Nearly all The Bond Buyer's weekly yield indexes climbed this week, as tax-exempt yields grew weaker in all the week's sessions.

"The calendar is fairly large, demand is soft, and there are just not a lot of people out there clamoring for munis, unfortunately," said Evan Rourke, portfolio manager at MD Sass. "On the supply side, you still have a very large calendar. On the demand side, you don't have any natural source of demand, and the dealer community is getting ready to close up their books for the year. They're not really going to step up, so you have to find some source of demand."

"It's mostly trusts and individuals, and they're not really equipped to absorb a lot of supply quickly," Rourke said. "And you're afraid of some secondary market selling by arb accounts and other leveraged buyers, too."

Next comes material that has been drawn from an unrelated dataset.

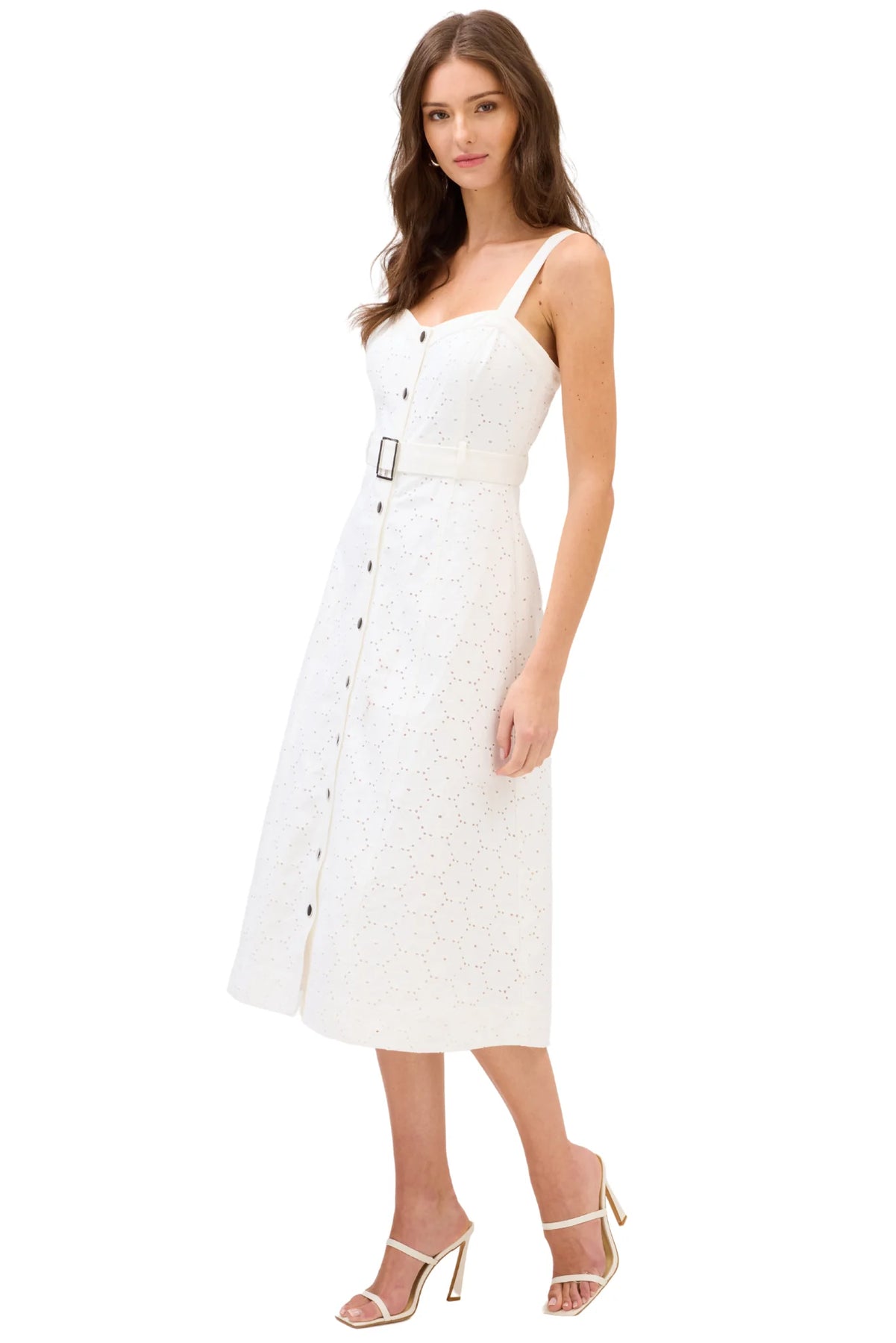 - Fit: Adjustable straps with back button. Princess seams for more shaping and a great fit. Center front silver button closure. Removable fabric belt with silver buckle. Fully lined.

Following a partial session Friday, municipal yields pushed higher by anywhere from one to three basis points in each of the sessions Monday through Wednesday. On Wednesday, however, the Port Authority of New York and New Jersey pulled a scheduled $300 million offering of taxable notes after it failed to receive any bids.

"It was a little surprising, but not shocking," Rourke said of the Port Authority deal receiving no bids. "It is a taxable deal, and I think that was part of it. There's really not that many large competitive deals being done right now either. Port Authority obviously I consider a very solid credit, but taxable munis fall into a gray area in a lot of places. It's not a big market for anybody. It's easy to see how that could get overlooked."

Yesterday, the municipal market was weaker again.

The Bond Buyer 20-bond index of 20-year general obligation bond yields rose 19 basis points this week to 5.58%, which is the highest since Oct. 16, when it reached an eight-year high of 6.01%.

The 11-bond index of higher-grade 20-year GO yields rose 18 basis points this week to 5.39%, which is the highest since Oct. 16, when it was 5.89%.

The revenue bond index of 30-year revenue bond yields rose 11 basis points this week to 6.17%, which is the highest since Oct. 16, when it reached a 13-year high of 6.48%.

The 10-year Treasury note yield declined 55 basis points to 2.54%, which is the lowest in at least 50 years.

The 30-year Treasury bond yield declined 56 basis points to 3.06%, which is an all-time low.

The 10-year Treasury has fallen 132 basis points in the past three weeks, to 2.54% this week from 3.86% on Nov. 13. At the same time, the 30-year Treasury has dropped 128 basis points, to 3.06% from 4.34% on Nov. 13.

The Bond Buyer one-year note index of one-year GO yields was unchanged this week at 1.20%.

The weekly average yield to maturity on The Bond Buyer 40-bond municipal bond index rose 13 basis points this week to 6.23%, which is the highest weekly average since the week ended Oct. 23, when it was 6.35%.